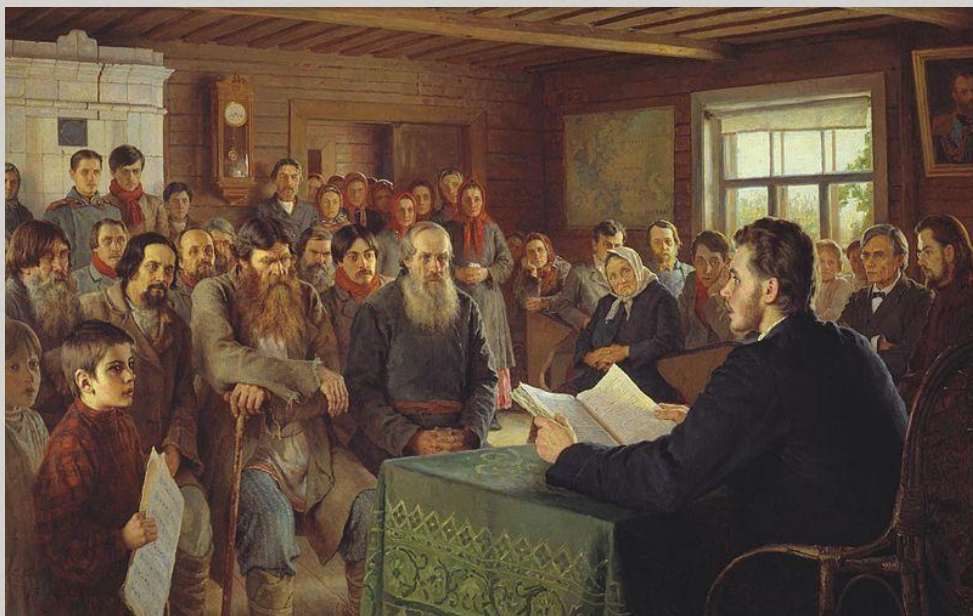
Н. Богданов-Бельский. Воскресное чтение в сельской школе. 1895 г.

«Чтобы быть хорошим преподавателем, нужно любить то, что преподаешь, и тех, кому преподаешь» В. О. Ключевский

+ + + + +

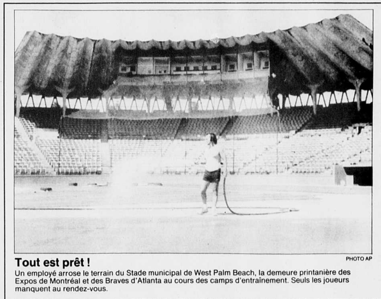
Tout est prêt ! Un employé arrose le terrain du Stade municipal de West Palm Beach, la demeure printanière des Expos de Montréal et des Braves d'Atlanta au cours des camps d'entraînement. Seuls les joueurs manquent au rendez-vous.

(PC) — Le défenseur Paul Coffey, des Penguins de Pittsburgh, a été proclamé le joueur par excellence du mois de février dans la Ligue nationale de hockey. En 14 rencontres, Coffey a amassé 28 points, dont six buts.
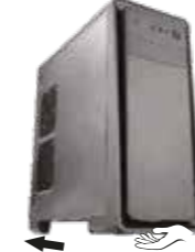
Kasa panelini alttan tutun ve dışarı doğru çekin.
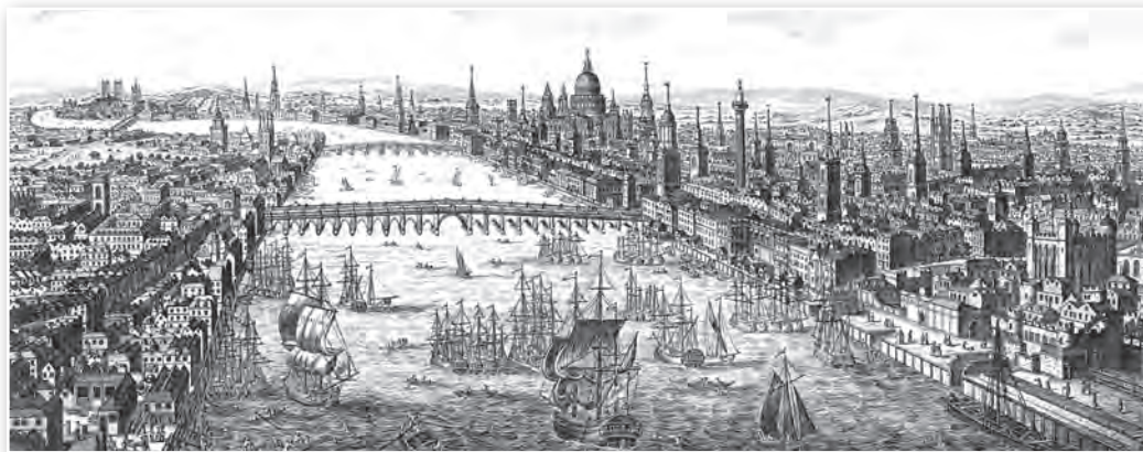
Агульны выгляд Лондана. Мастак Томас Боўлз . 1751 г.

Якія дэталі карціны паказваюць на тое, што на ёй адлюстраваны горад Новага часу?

+ + + + +

About this exercise. Though the entries above contain pictures, none should be copied; reproduce only the lines between the one holding "(PC) — Le défenseur" and the one holding "Якія дэталі карціны", inclusive, exactly as written.

Output for this exercise.
(PC) — Le défenseur Paul Coffey, des Penguins de Pittsburgh, a été proclamé le joueur par excellence du mois de février dans la Ligue nationale de hockey. En 14 rencontres, Coffey a amassé 28 points, dont six buts.
Kasa panelini alttan tutun ve dışarı doğru çekin.
Агульны выгляд Лондана. Мастак Томас Боўлз . 1751 г.

Якія дэталі карціны паказваюць на тое, што на ёй адлюстраваны горад Новага часу?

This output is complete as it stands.